Insulin Resistance, Hyperinsulinemia, and LH: Relative Roles in Peripubertal Obesity-Associated Hyperandrogenemia

Abstract

Context: Peripubertal obesity is associated with variable hyperandrogenemia, but precise mechanisms remain unclear.

Objective: To assess insulin resistance, hyperinsulinemia, and LH roles in peripubertal obesity-associated hyperandrogenemia.

Design: Cross-sectional analysis.

Setting: Academic clinical research unit.

Participants: Eleven obese (body mass index for age ≥95%) peripubertal girls.

Intervention: Blood samples were taken during a mixed-meal tolerance test (1900 to 2100), overnight (2100 to 0700), while fasting (0700 to 0900), and during an 80 mU/m2/min hyperinsulinemic-euglycemic clamp (0900 to 1100).

Main outcome measures: The dependent variable was morning free testosterone level; independent variables were insulin sensitivity index (ISI), estimated 24-hour insulin, and estimated 24-hour LH levels.

Results: All participants demonstrated insulin resistance and hyperinsulinemia. ISI, but not estimated 24-hour insulin level, correlated positively with morning free testosterone level when correcting for estimated 24-hour LH level and Tanner stage (rs = 0.68, P = 0.046). The correlation between estimated 24-hour LH and free testosterone levels approached significance after adjusting for estimated 24-hour insulin level and Tanner stage (rs = 0.63, P = 0.067). Estimated 24-hour insulin level did not correlate with free testosterone level after adjusting for estimated 24-hour LH level and Tanner stage (rs = 0.47, P = 0.20).

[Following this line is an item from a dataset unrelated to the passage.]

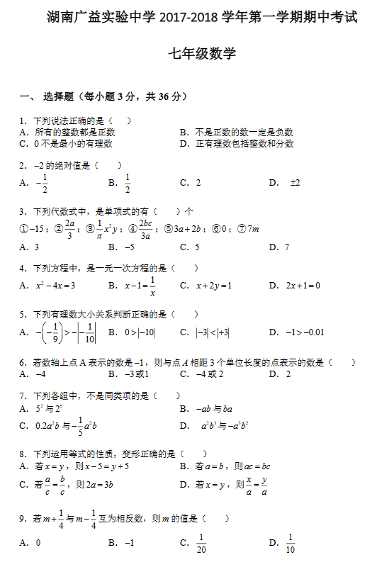 2017年秋季长沙广益中学初一期中考试数学试卷(下载版)

Conclusion: In insulin-resistant obese girls with hyperinsulinemia, free testosterone levels correlated positively with insulin sensitivity and, likely, circulating LH concentrations but not with circulating insulin levels. In the setting of relatively uniform hyperinsulinemia, variable steroidogenic-cell insulin sensitivity may correlate with metabolic insulin sensitivity and contribute to variable free testosterone concentrations.

Trial registration: ClinicalTrials.gov NCT00928759.

Figures

Figure 1.

Study protocol and insulin levels. (a) Schematic of the study protocol. (b) Insulin levels achieved during study (mean ± SEM). Specifically, insulin was measured before and after mixed-meal ingestion, during an observed overnight fast, and during a hyperinsulinemic-euglycemic clamp.

Figure 2.

Potential predictors of free T (simple relationships). Simple relationship between (a) ISI and morning free-T level; (b) estimated 24-hour mean insulin and morning free-T levels; and (c) estimated 24-hour mean LH and morning free-T levels. Numbers associated with data points denote participant numbers that correspond to participant-level data.

Figure 3.

Adiposity, insulin sensitivity, and insulin secretion. ISI was not significantly correlated with either (a) BMI z-scores or (b) estimated average 24-hour insulin concentrations. (c) A plot of ISI vs insulinogenic index during the MMTT did not clearly demonstrate the expected curvilinear relationship.

Figure 4.

A hypothetical model. This model stipulates steroidogenic cell insulin sensitivity is a determinant of androgen production, and that although steroidogenic-cell insulin sensitivity is substantially greater than peripheral (muscle) metabolic insulin sensitivity (in keeping with the insulin paradox), it correlates positively with peripheral metabolic insulin sensitivity. The figure denotes how plasma insulin levels generally increase as a function of worsening ISI [i.e., increasing peripheral (muscle) metabolic insulin resistance], but insulin concentrations may plateau (i.e., may not vary as a simple function of insulin sensitivity) due to emerging β-cell failure. The shaded area labeled “A” represents the putative range within which the strong relationship between insulin and T concentrations masks a positive correlation between insulin sensitivity and T. The shaded area labeled “B” represents the putative range within which hyperinsulinemia may be marked but may not vary as a simple function of insulin sensitivity, thus unmasking a positive correlation between insulin sensitivity and T.